Tutors International, global provider of full-time private tutoring, today published an article that claims that the continuing battle between dumbing down standards at the top and pushiness from parents at the bottom of the education puts our children in an unfair situation.
Adam Caller, educational consultant and founder of world-leading full-time private tuition agency, Tutors International, today published an article  in which he argues that the UK must stop trying to enforce a top-down approach to raising academic standards, as we’re failing our children by not preparing them for the next stage of their academic development.
Mr Caller stated that “it’s our job as parents and as educators to push our children to the best of their ability and to equip them with the tools they need to succeed in the next stage of their development. We can’t push them to succeed simply at intervals or to pass the next exam. They need better education right from the start.”
The grammar school system is a hot topic at the moment, with some claiming it represents an unfair class divide and prevents social mobility, and those who believe it represents the last vestige of the excellent standard of education that the country is world-renowned for.
A recent BBC article reports that Knole Academy in Kent has created its own ‘grammar stream’ that employs the rigours and depth of grammar school teaching for a particular stream of pupils at the school. The head teacher Mary Boyle says the grammar stream pupils are aiming for top universities like Oxford and Cambridge.
This example, and the pressure on top state schools and grammar schools, indicates that parents want a better standard of education for their children. While many feel that the social gap is widening, there is extra pressure on top universities to admit more pupils from ‘disadvantaged backgrounds’.
Mr Caller comments, “It’s wrong for this country to try to enforce a top-down approach to raising academic standards. We tried modularising GCSEs, but that failed to prepare students for A-Levels. Now we’re dumbing down university courses to accommodate lower expectations at A-Level, and we’re pushing children to compete in the 11+ when they’ve been unprepared for it at primary school – this is the wrong approach.”

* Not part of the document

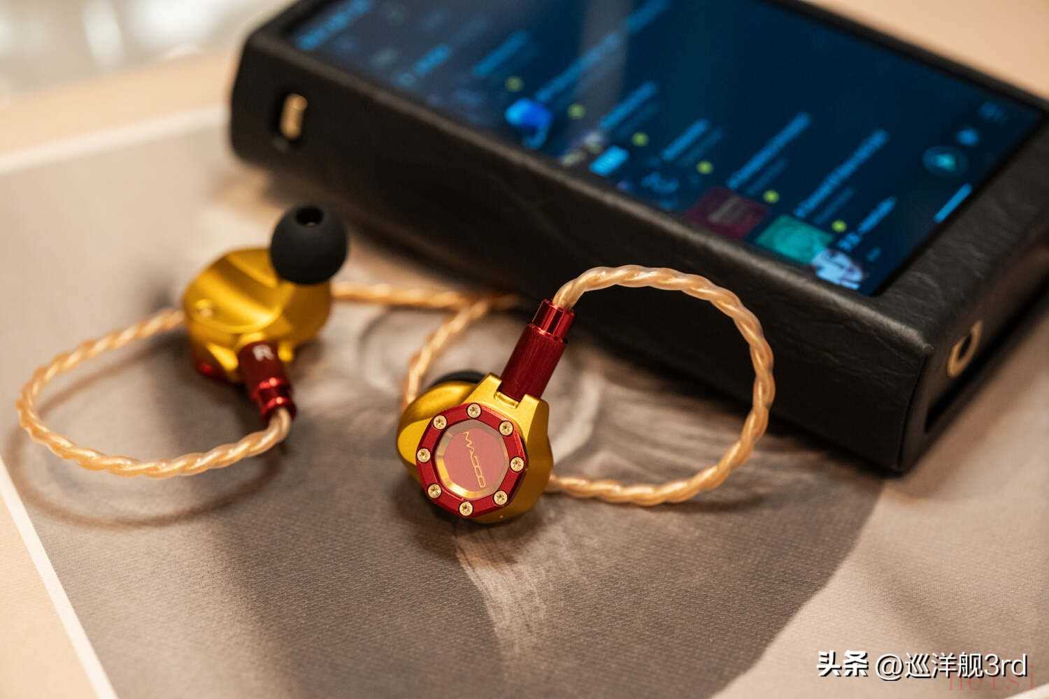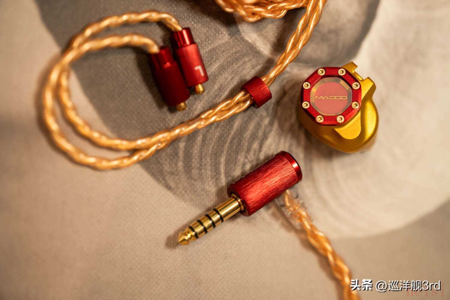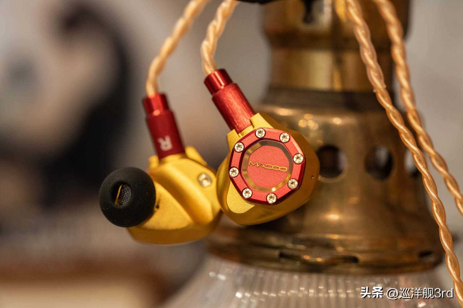 作為本文主角的Madoo Typ622被燒友們記住,坦白講大概率不是因?yàn)槁曇舳且驗(yàn)檫@個(gè)硬朗的、充滿(mǎn)機(jī)械感的精致外觀,尤其是神似潛艇舷窗或鐘窗表盤(pán)的面板,金屬圈+螺母設(shè)計(jì)和覆蓋中央的藍(lán)寶石水晶,堪稱(chēng)設(shè)計(jì)上的神來(lái)之筆,而藏于藍(lán)寶石之下的“Madoo”文字,散發(fā)著金色的光澤。除了起初的黑金配色之外,相信大多數(shù)人都更喜歡Typ622的這個(gè)紅金也就是“鋼鐵俠”配色,典雅貴氣的同時(shí),經(jīng)過(guò)噴砂處理的細(xì)膩鋁合金外殼散發(fā)出強(qiáng)烈的金屬質(zhì)感,從心理上也能給人以沉穩(wěn)可靠的暗示。再加上這款耳塞嚴(yán)絲合縫的工藝和出色的細(xì)節(jié)雕琢,比起一些售價(jià)貴很多的產(chǎn)品都要強(qiáng)上不少。本篇成文之前幾天,我?guī)е鳷yp622給一個(gè)本地?zé)雅笥崖?tīng)了一耳朵,聲音他雖然也挺喜歡,但臨走前還是一直念叨著這耳機(jī)的樣子“太尊了”——Typ622外觀設(shè)計(jì)與做工的優(yōu)秀,可見(jiàn)一斑。

Mr Caller believes that raising academic standards needs to happen at every age, at the same time, driven from the ground up. He likens the process to a bicycle chain:
“You can’t increase the speed in just one part of the chain. If you try that it puts a huge strain on the other links and they’ll buckle or snap. Everything needs to speed up together. The government is finding the same problem in schools – it’s very easy to slow the whole system down; it’s very hard to speed it up again.”
There is some merit in the grammar stream approach taken by Knole Academy, as we can’t argue against the fact that we need to provide a more rigorous standard of education in this country, and that grouping children by a narrow academic ability leads to by far the best results for each pupil in that group; but it’s not enough to do it in one school, and it’s not starting early enough in the chain, concluded Mr Caller.